Work order: Exactly the lines from the first line of the records to the line holding "This shoes is" should be duplicated, and nothing more; pictures stay out.

***** Dataset content

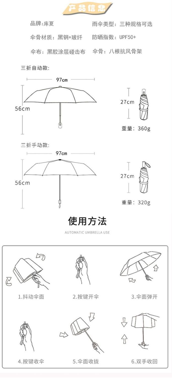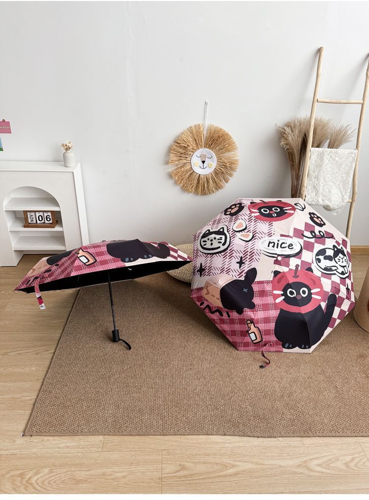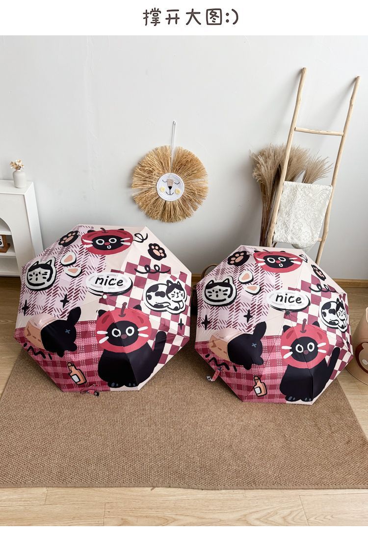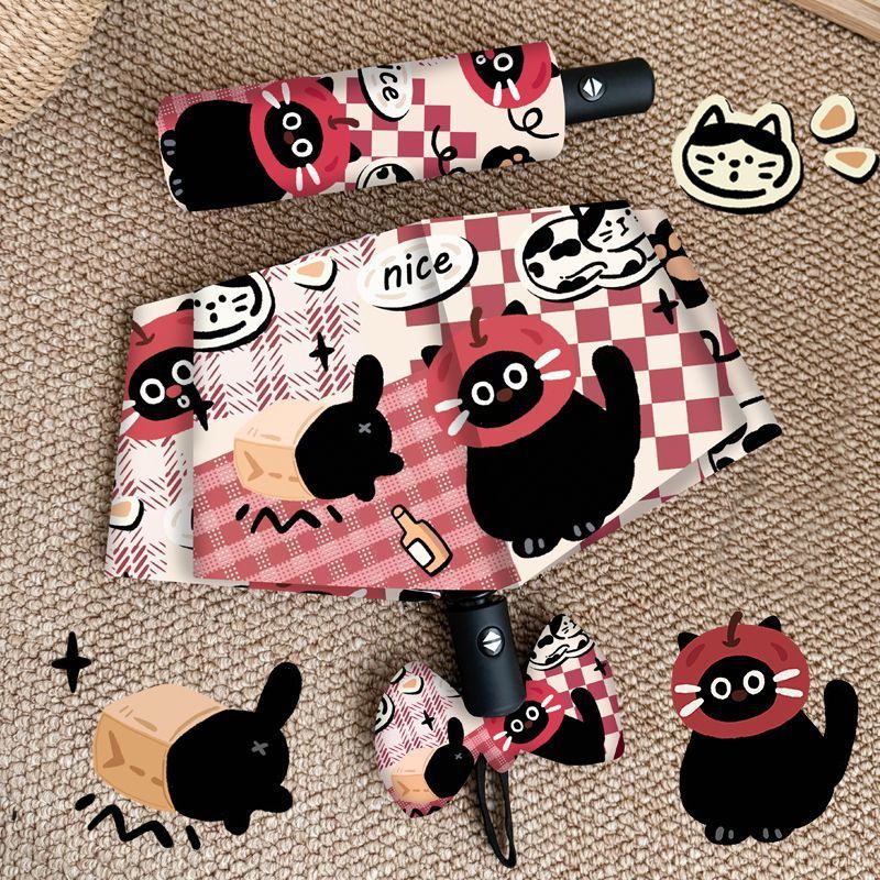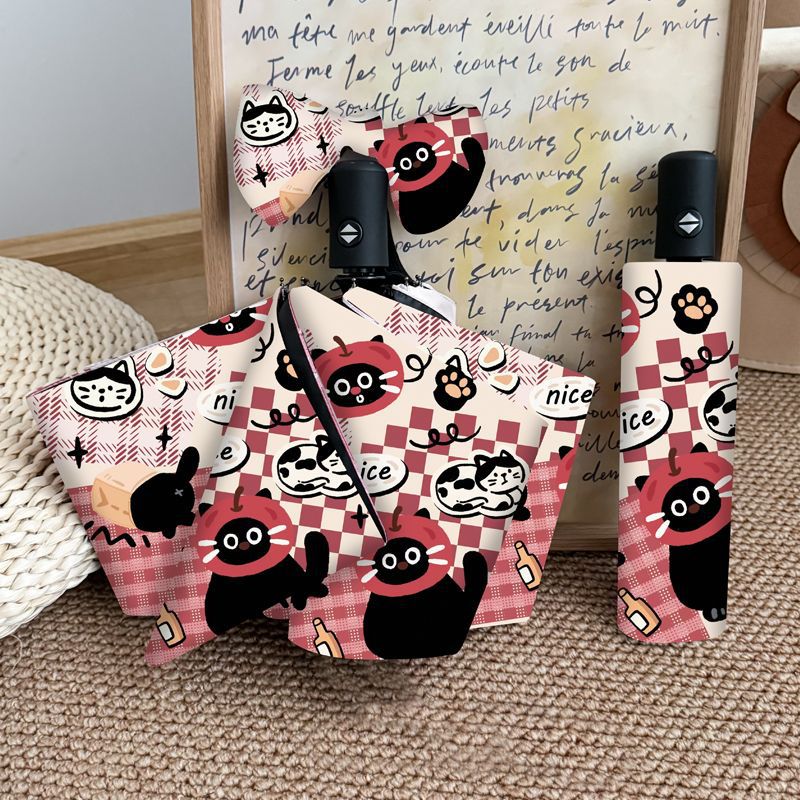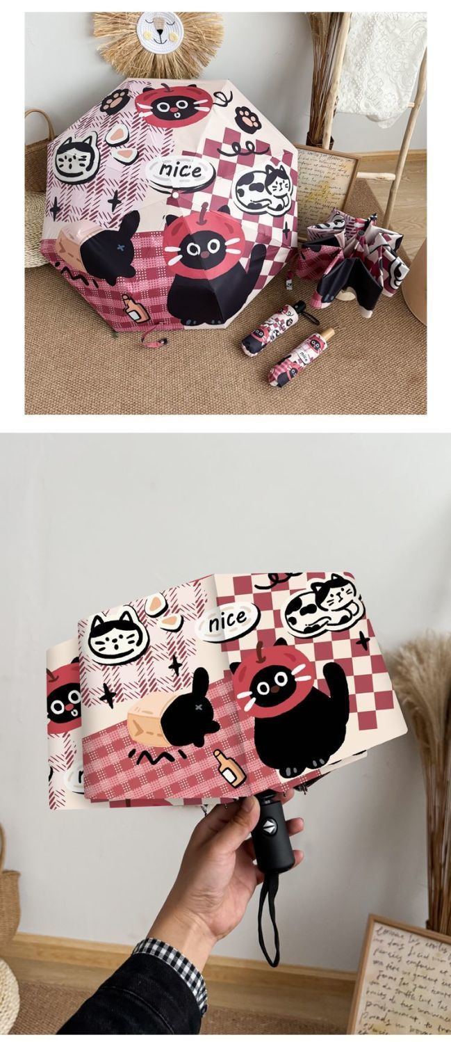 레트로 고양이 비와 화창한 우산 접히는 자동 태양 우산 선 스크린 블랙 접착제 UV 우수한 양산 우산스토어 가기
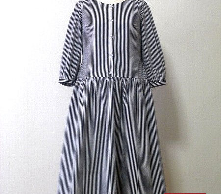 ローウエストのストライプ模様ワンピース~『ソーイングクローゼット』より(過去作品) 綿100%のブロード生地(ストライプ模様)で作りました。裏地は夏用の「サップ」です。ボタンは義母からいただいたヴィンテージのもの。上質なつくりをしています。このワンピースの型紙は内田彩仍さん著『ソーイングクローゼット』をアレンジしたものです... 2024.12.05 作品集過去作品 作品集過去作品 布もの
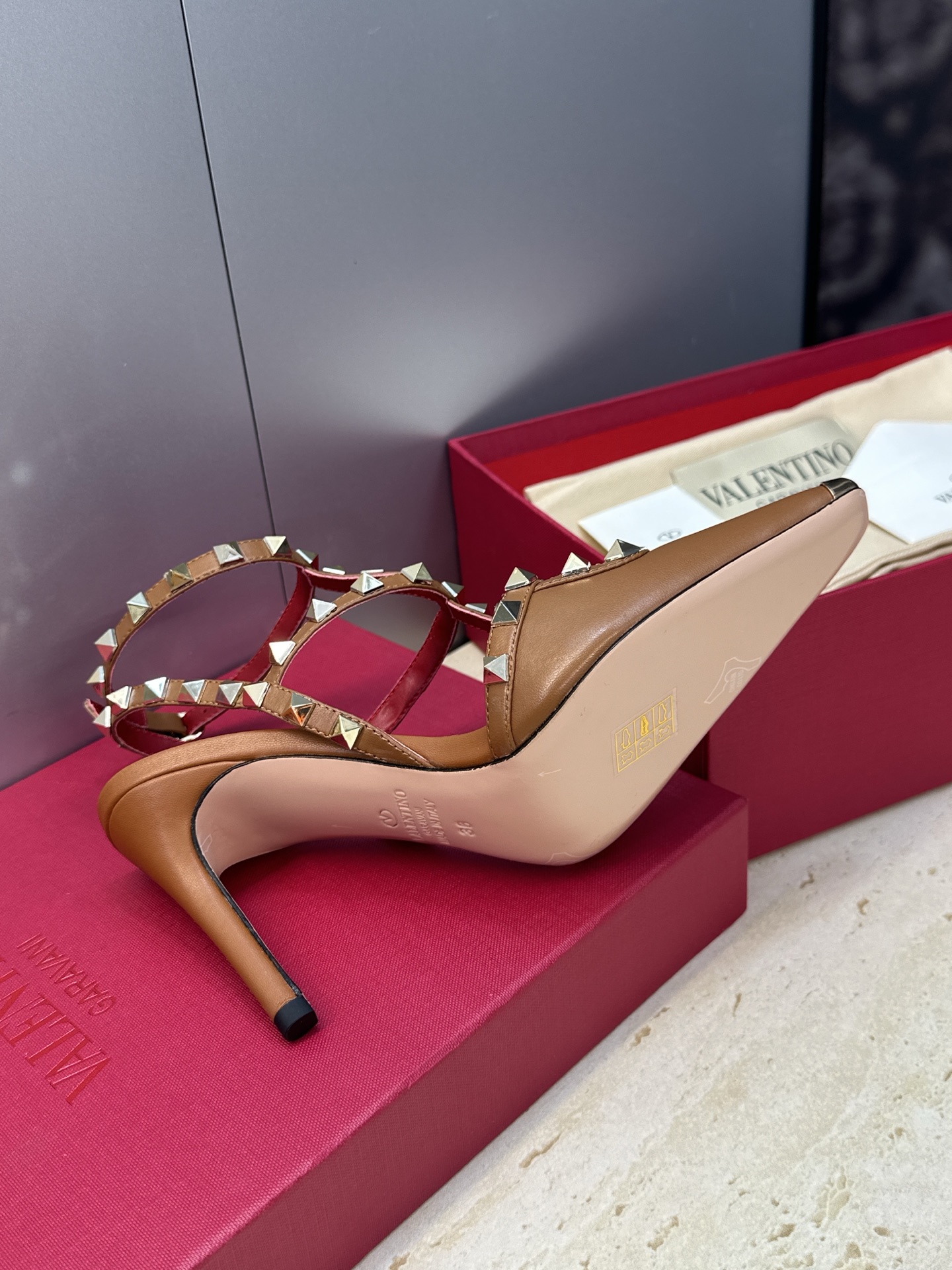 This shoes is AAAAA 1:1 quality (superb). Materials used are identical to the original ones. Valentino trademark marks are indistinguishable to the authentic. Photos take by actual shoes, what you receive will be 100% same with our photos.
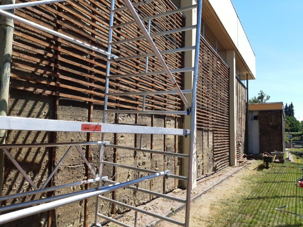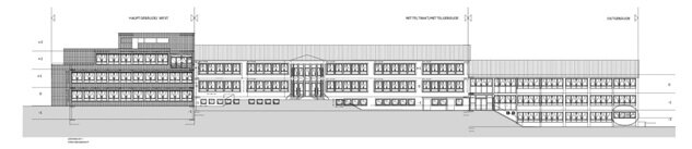 Die Fassade an der Südseite sowie des Fensters an der Nordseite der vorhandenen Gymnastikhalle, die zu einem Musiksaal umgebaut werden soll musste erneuert werden, da sie nicht mehr den aktuellen energetischen Standards entsprachen, wodurch erhebliche Heizenergieverluste entstanden. Daher wurden an der Südseite eine neue Fensteranlage in hochgedämmter Ausführung eingebaut.
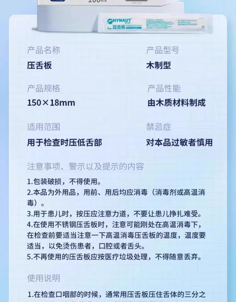 海诺医用压舌板木制型一次性口肌训练器口腔检查独立装压舌棒

**********

Response:
 레트로 고양이 비와 화창한 우산 접히는 자동 태양 우산 선 스크린 블랙 접착제 UV 우수한 양산 우산스토어 가기
 ローウエストのストライプ模様ワンピース~『ソーイングクローゼット』より(過去作品) 綿100%のブロード生地(ストライプ模様)で作りました。裏地は夏用の「サップ」です。ボタンは義母からいただいたヴィンテージのもの。上質なつくりをしています。このワンピースの型紙は内田彩仍さん著『ソーイングクローゼット』をアレンジしたものです... 2024.12.05 作品集過去作品 作品集過去作品 布もの
 This shoes is AAAAA 1:1 quality (superb). Materials used are identical to the original ones. Valentino trademark marks are indistinguishable to the authentic. Photos take by actual shoes, what you receive will be 100% same with our photos.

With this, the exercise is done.